Anyway, here is a brief summary of marital issues I don’t want it to run too long because it gets hard to read all that sadness on other posts. About 2 years ago my wife had an affair with a guy she worked with and it about killed me. We ended up trying to save the marriage and work on things and initially it went well, but I began to get really cold inside. I had all these feelings that I didn’t really understand and whenever I mentioned counseling she would totally refuse. Partially because she was embarrassed by what she had done and because we tried once and the counselor was really judgmental to the point I had to stick up for my wife and we never went back. Well over that year things just got worse and I was the one that decided I wanted out and needed a break I felt that I needed time to heal and forgive.

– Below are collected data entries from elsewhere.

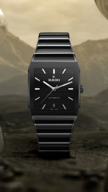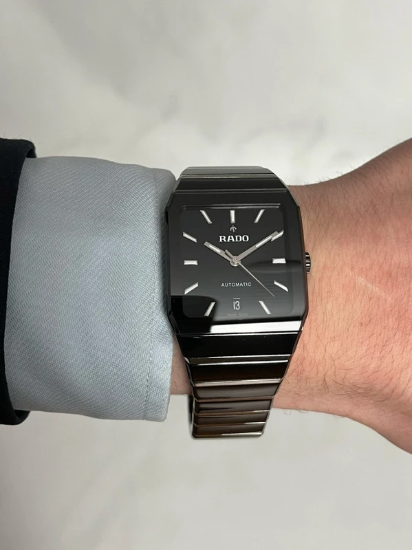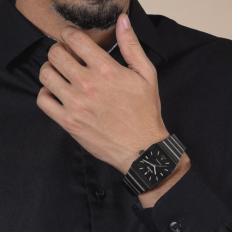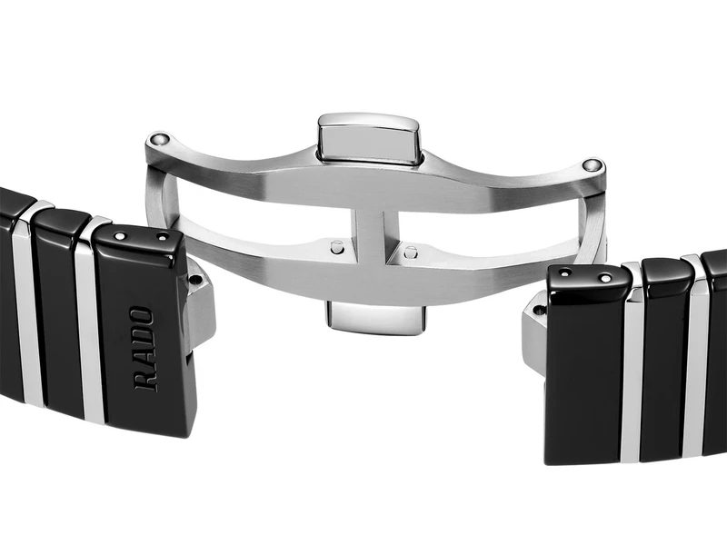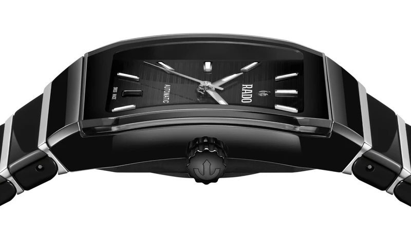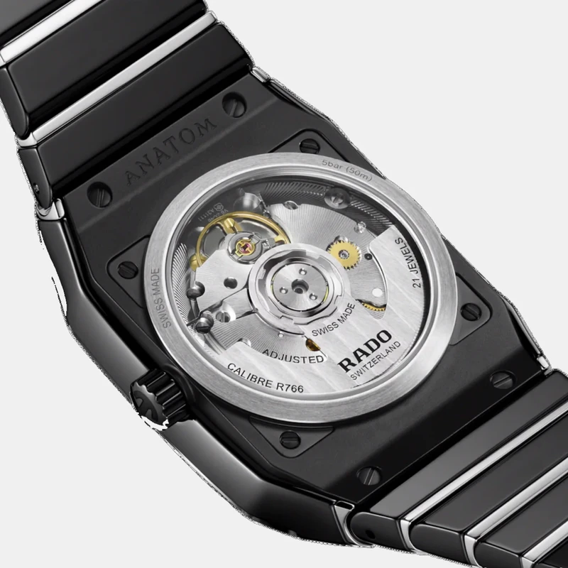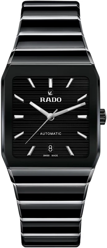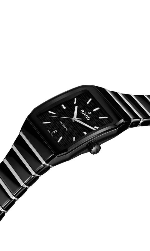 R-62013015 | R10201152 שעון ראדו יבואן רשמי יוניסקס מסדרת אנטום | דגם חדש קרמי מלבני משולב פסים בכסף | מנגנון אוטומטי עם 5 שנות אחריות | Anatom Automatic High-Tech Ceramic Watch R10201152
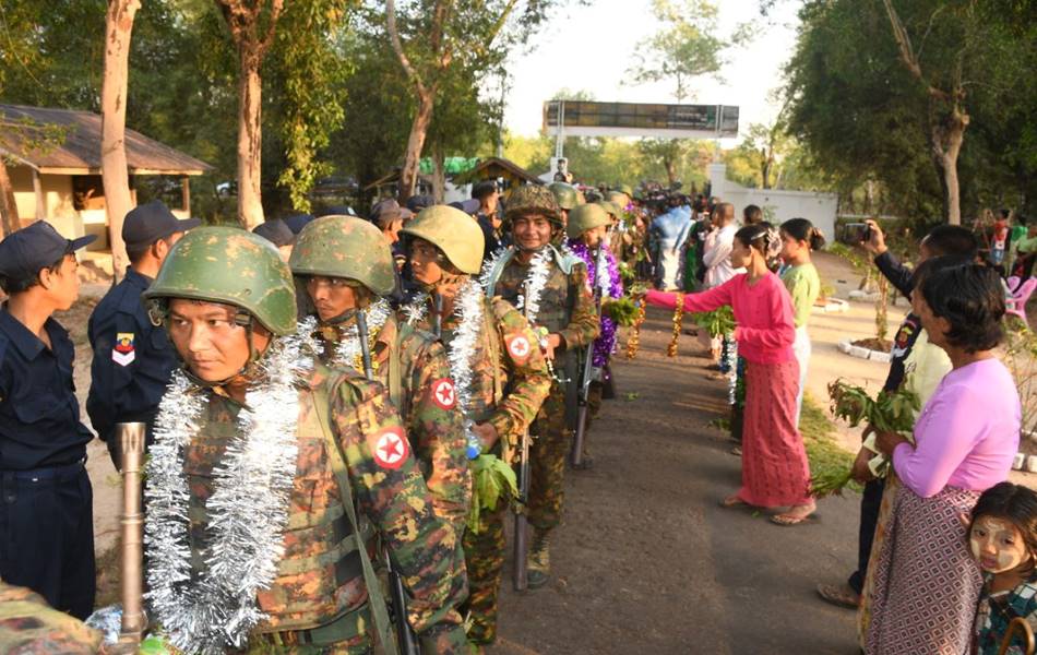 စစ်ဆင်ရေးတာဝန်များကို စွမ်းစွမ်းတမံထမ်းဆောင်ခဲ့ပြီး ရွပ်ရွပ်ချွံချွံတိုက်ပွဲဝင်ခဲ့သော အောင်ပွဲအလီလီရ ရှေ့တန်းပြန်နိုင်ငံ့သားကောင်း တပ်မတော်သားများအား ဝမ်းမြောက်စွာ သောင်းသောင်းဖြဖြ ဂုဏ်ပြုကြိုဆို
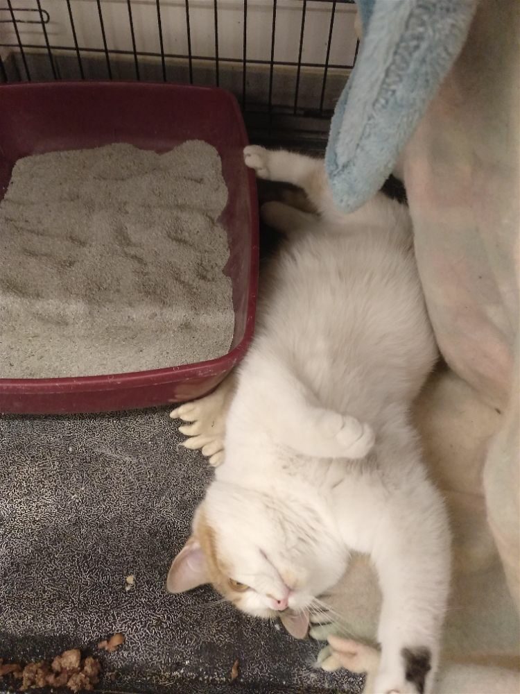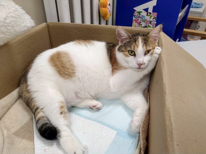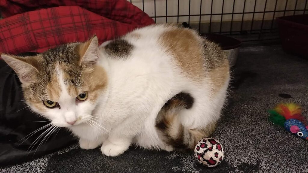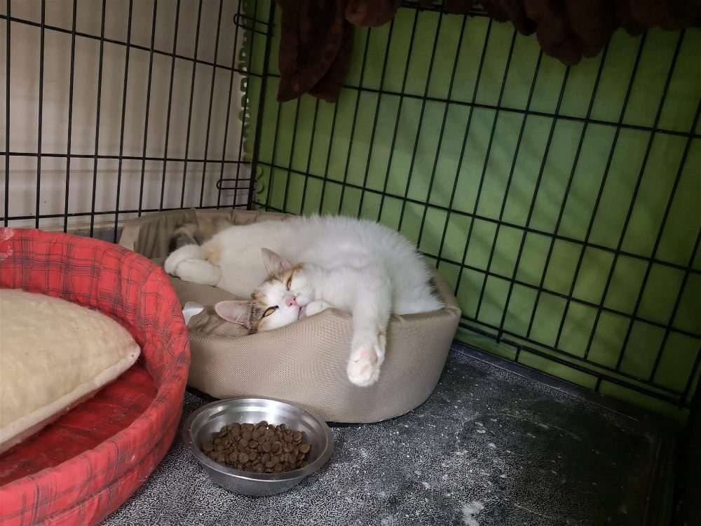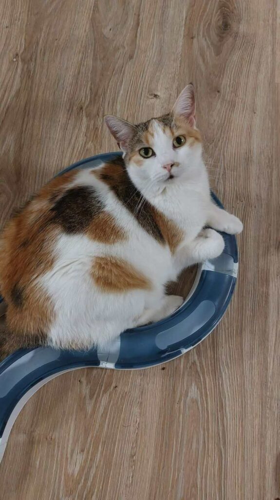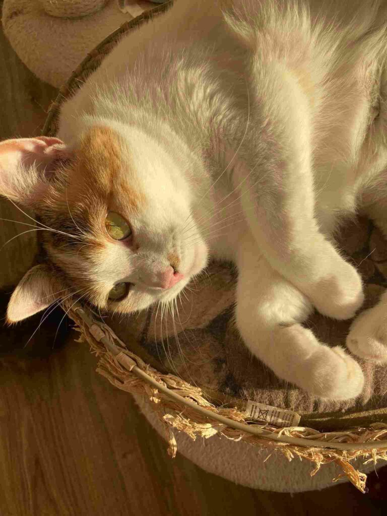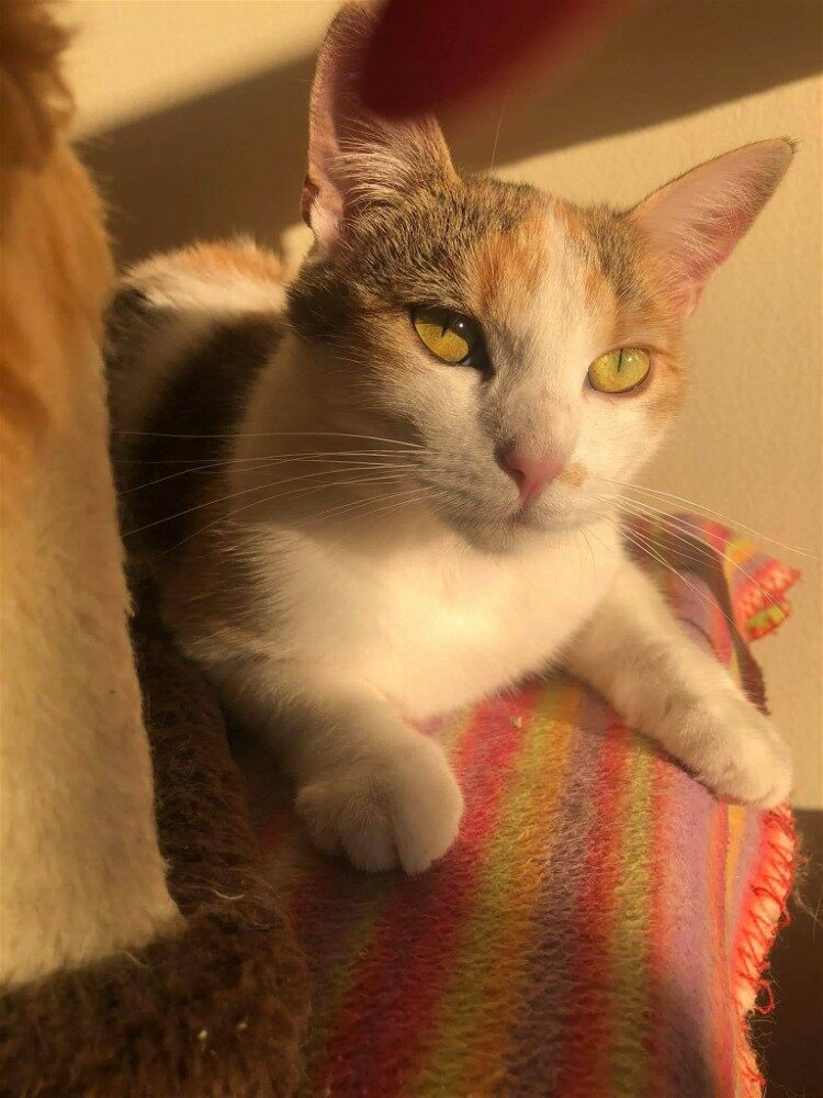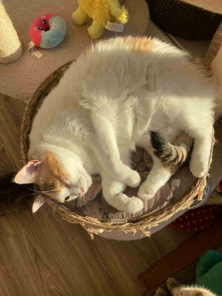Kotka została znaleziona na czyjejś posesji wraz z trójką rodzeństwa, prawdopodobnie przyszły od kotki sąsiadów pozostawione samopas. Uwielbia głaskanie. mruczy, ugniata, przychodzi do człowieka po więcej, czasem jest bojaźliwa. Uwielbia ganiać za piłeczkami. Do oddania z kocim towarzystwem.
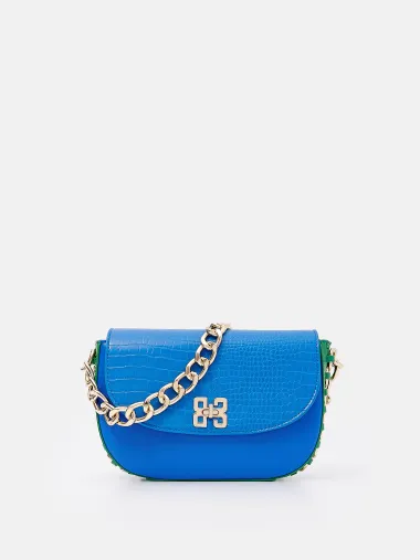Ručna torbica s lancem u plavo-zelenoj kombinaciji sjajno ide na traperice.
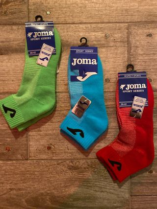 Pack de tres pares de calcetines Joma de la línea Sport Series. Vienen en colores azul, verde y rojo. - Talla 39-42. - Fabricados con algodón peinado para mayor confort. - 3 pares.
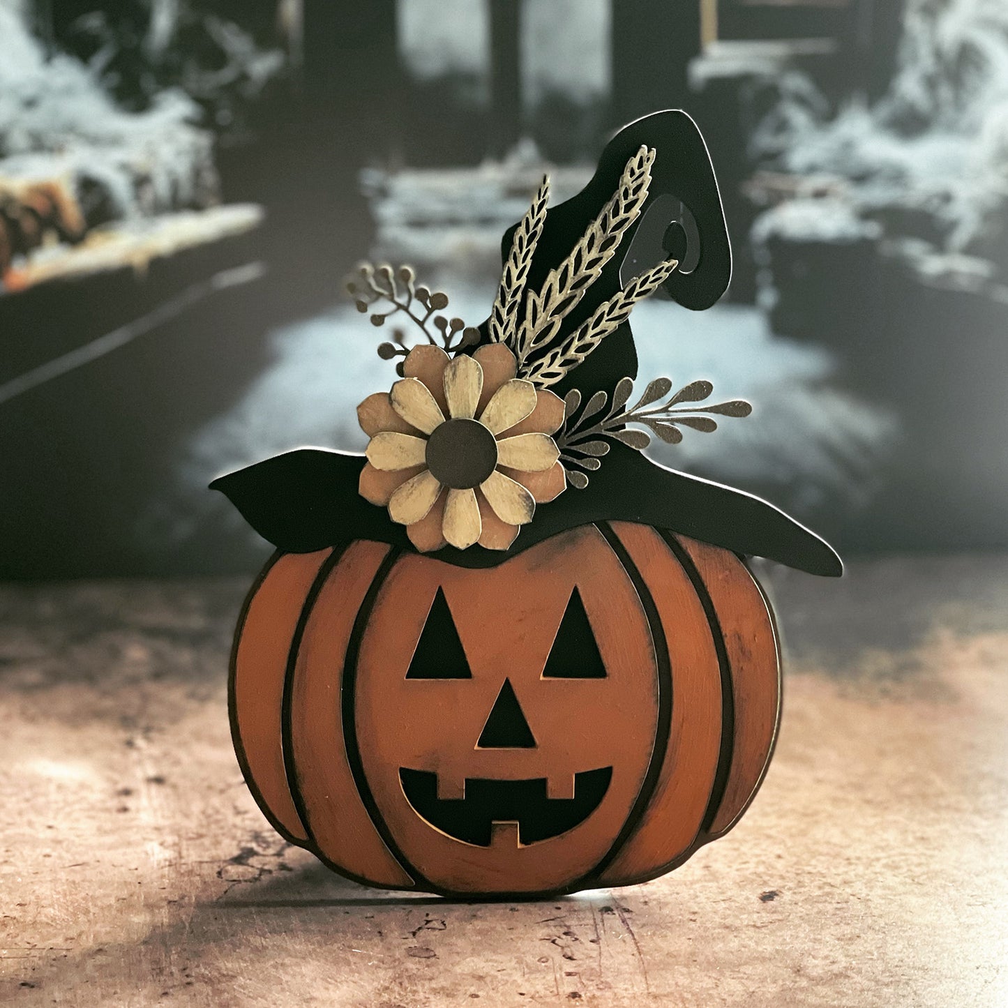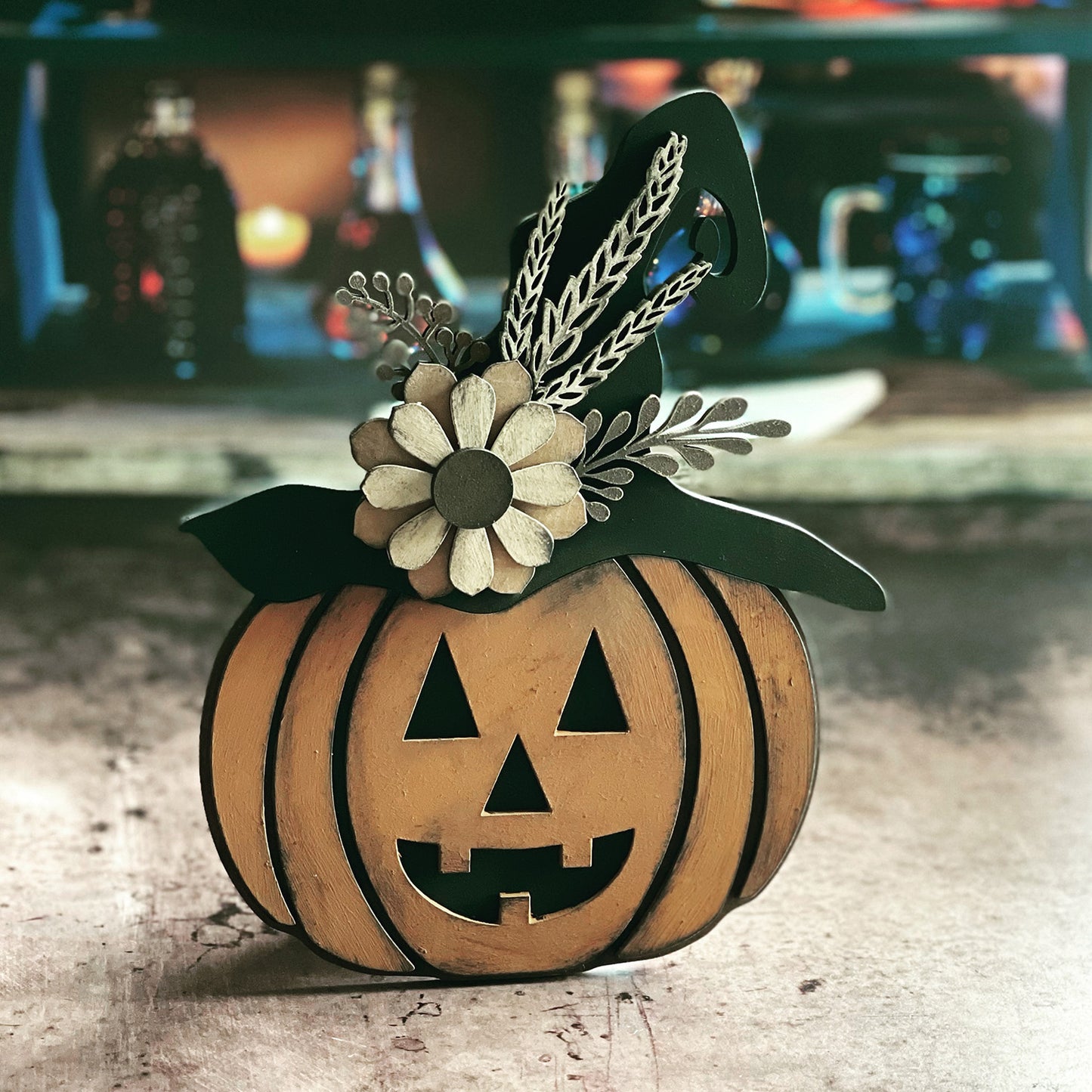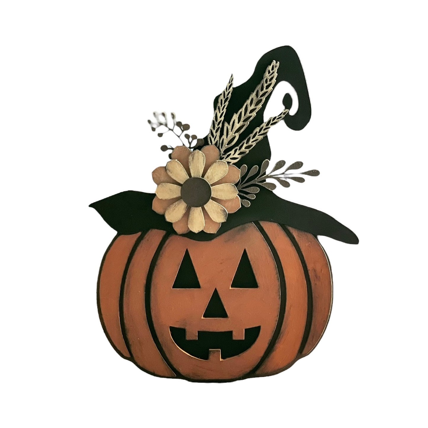 A fun way to decorate for Halloween with a laser cut Jack O Lantern! Adorned with hand-drawn sunflowers, wheat, and florals finished with chalk paints and distressed with stamp pads. Recommend this be made with medium proofgrade draft board to fit the stand that glues to the back or lean against your walls or other objects you have on your shelves. You can use this laser cutting design on a round sign! So many ways to use this! Great for DIY kits, paint night parties, or use for your small business events! Be sure to use the score lines to assist you with the placement of the objects for easy assembly. Happy crafting.

In November 2013 I asked for a separation and she moved out.

Approximately 2 weeks later I wrecked out at a charity race and broke my back, my leg (8 times) and tore a bunch of tendons. During this time and over about two months I realized that I loved her and that I wanted to fix it. So we tried to fix our marriage. We had a couple little “break ups” during this time, but for the most part things were progressively getting better and I had hope. The issues arose in May after I went to Las Vegas with my race team to support the other team members racing the EnduroCross and SuperCross race. The whole time I was in Vegas she text and was super nice and everything was good.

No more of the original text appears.